1 Reel Film Festival
at Bumbershoot
Fri August 31 - Mon Sept 3; all screenings at the Intiman Theatre. See www.bumbershoot.org for show times.
If you're anything like me (and be thankful you're not), there's almost no activity during which you wouldn't rather be at the movies. I'm not proud of this proclivity--I'd much rather prefer the company of humans to the reflected glow of projected light--but facts are facts: I'm doomed by inner weakness to opt for the respite of cinematic escapism over pretty much everything else (mountain hikes, dinner parties, sleep) any day of the goddamn week.
Needless to say this goes double for Bumbershoot, that roiling mire of crowds, bands, and late-summer sweat. Fortunately for me, the past several years of the megafestival have included a continuous festival of short films, projected in the air-conditioned comfort of a dark room.
I haven't had a chance to preview all the films at this year's festival, but the ones I have seen indicate that curator Warren Etheridge has put together a program every bit as impressive as the panoply of performance surrounding it. The shorts will have stiff competition; it's not likely that too many people will make the effort to see some 10-minute movie in between leaving midway through Kiki & Herb so they can catch the end of Cat Power before dashing across Seattle Center in time to see Spalding Gray take his first sip of water or whatever. But at the risk of assaulting you with even more recommendations, here are a few films that the truly intrepid might find worthy of the extra shoe leather.

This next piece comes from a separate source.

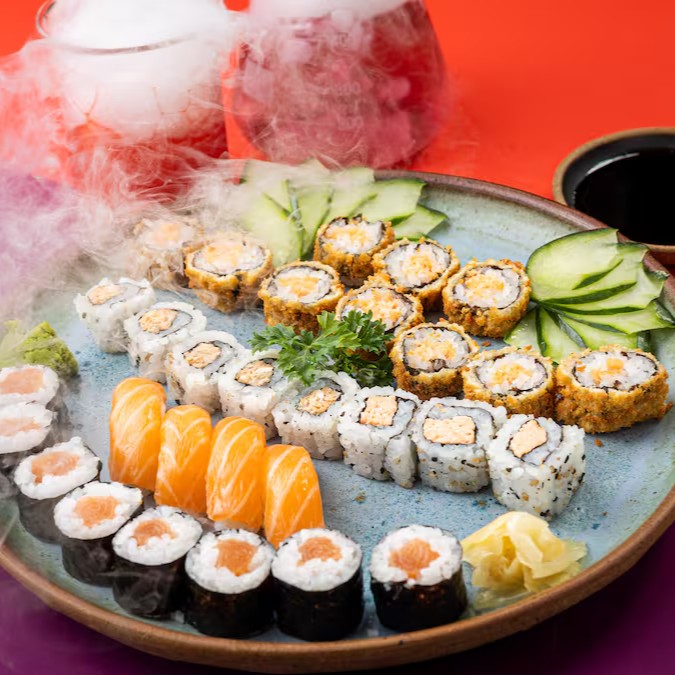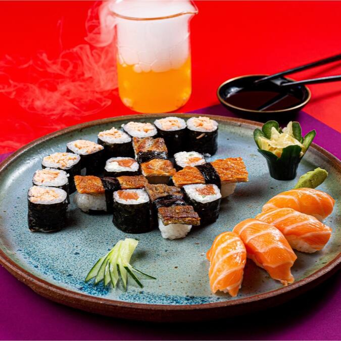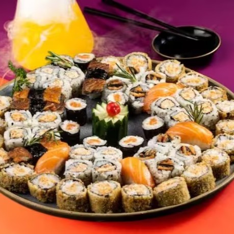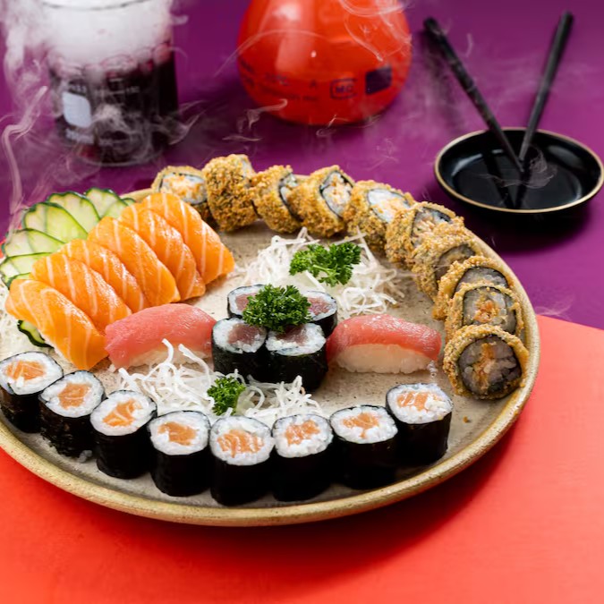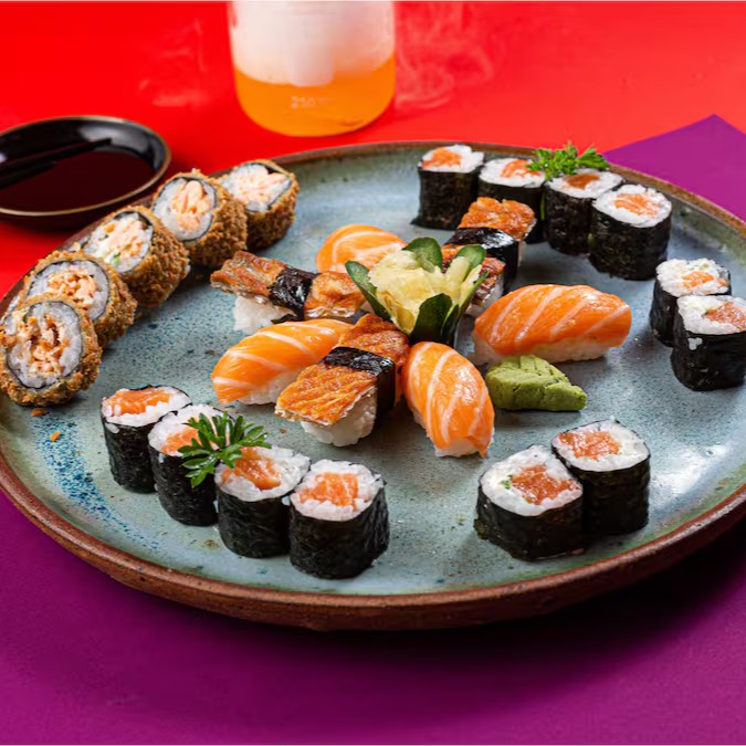 20 Hot Filadélfia, 4 Sushi de Salmão, 4 Sushi de Skin, 8 Maki de Filadélfia, 16 Maki de Salmão Grelhado, 8 Uramaki de Salmão Grelhado.

...(Dot Dot Dot): A blithely surreal and happily sad comedy that tracks a budding relationship between two strangers who meet in a laundromat. Somewhere between romance and obsession lies the heart of this bizarre little movie, which gets started when the girl, Viv, surreptitiously turns inside out all the drying laundry of the boy, Seth. It achieves glory when Viv pretends to go to Europe and starts sending Seth letters on cassette describing her trip. She's a weirdo and he's a travel agent, and they're each too cool to let the other know how much they've been on one another's minds. The direction (by Anthony Ng) is crisp, concise, and endlessly inventive, and the actors are perfectly suited to the job, not to mention easy on the eyes. (Sun Sept 2 at 7:30 pm.)
Delusions in Modern Primitivism: One thing I truly love is when I can't tell whether or not a documentary is real. This one had me going the entire time (until I saw the heading "Stunts" in the credits). Delusions depicts a day in the life of a young neo-tribalist --which is to say, a dude with a bunch of tattoos and a line of pop philosophy a mile long--who has discovered a new body-modification boundary to push now that piercing no longer rings true to him: scarification... by gunshot. Most of the film consists of him talking to the camera about life in the modern age, and his rap is hilariously deadpan. By the time he gets to his buddy's warehouse, where the "procedure" will take place, the film has entered a zone of blurry greatness, in which you're mesmerized by a perfect performance and a thoroughly implausible situation to wonder if this can really be happening. (Sat Sept 1 at 5:00 pm.)
A Bullet in the Brain: For reasons artistic and economic, short films often like to skimp on words, but this exquisite little fever dream is all about language. Based on a short story by Tobias Wolff and starring the wonderful, underappreciated actor Tom Noonan, Bullet tells the story of a writing teacher who has become so entrenched in a life of letters that he has begun resenting his students for needing instructions. The first half of the movie shows him pillorying a class in a fashion that most professors only dream of. Then he goes to the bank, and by way of a linguistic encounter with a bank robber, gets shot in the head. As the bullet moves through his brain (moving 900 ft./second, "a glacial pace compared to the synaptic lightning surrounding it") it comes under the "mediation of brain time," and we see the teacher's final thought, a memory as self-critical and revelatory as the thick beard on Noonan's neck. A great little film. (Sat Sept 1 at 8:00 pm.)